La liberté de conscience est un des acquis de 1789

Bien entendu, je conçois que des tensions puissent exister entre des valeurs qui sont devenues, par une lente et difficile conquête, celles de la République. La liberté de conscience concerne aussi bien la liberté des croyants que celle des athées. Mais cette liberté qui suppose l’adhésion des individus, ne saurait déterminer un mode de vie fixé par des « vérités » révélées ou des traditions imposées.
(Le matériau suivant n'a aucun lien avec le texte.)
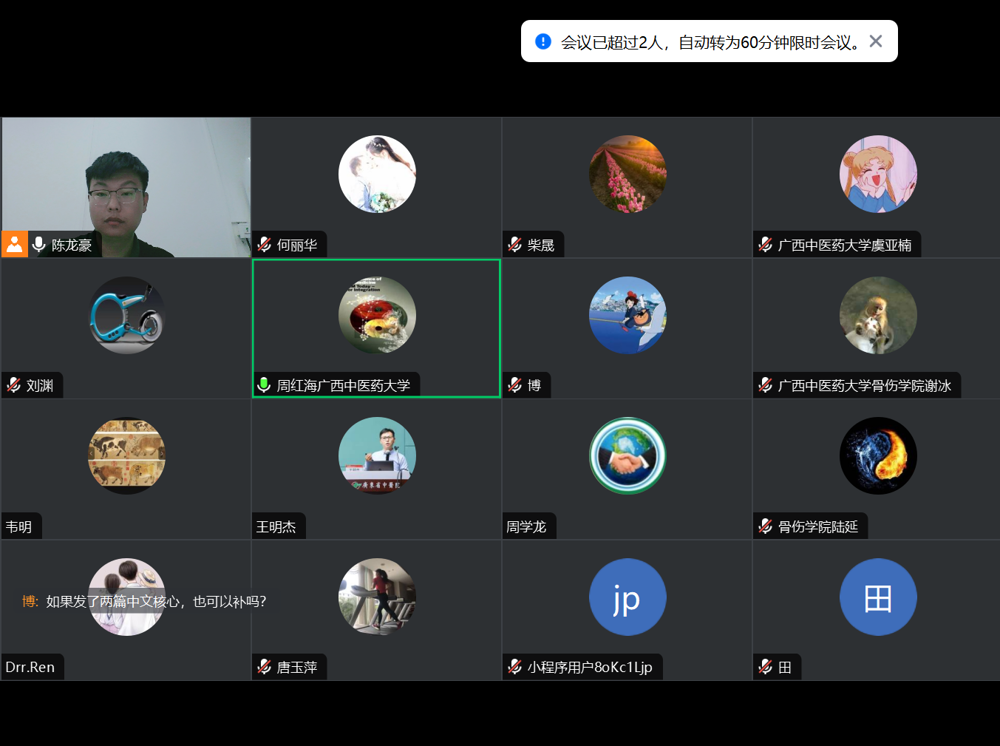 国医大师韦贵康学术思想与临床诊疗传承发展研究中心开放课题经过形式审查、专家评审、择优推荐、立项公示等严格环节,最终确定“韦氏奇穴手法治疗颈源性高血压的临床研究”等15项课题立项。2023年7月3日,国医大师韦贵康学术思想与临床诊疗传承发展研究中心在线上召开开放开题启动会议。中心主任周红海教授主持会议。

Dans une société du « vouloir vivre ensemble », puisqu’il s’agit d’un objectif, une Eglise - le terme suppose une organisation - ou une religion, ne saurait prescrire des règles qui, « justifiées » par une transcendance en fait non partagée, influeraient sur le mode de vie de la société tout entière. Liberté de croyance et liberté d’expression, parfois perçues comme antinomiques, constituent de fait les deux aspects de la même réalité.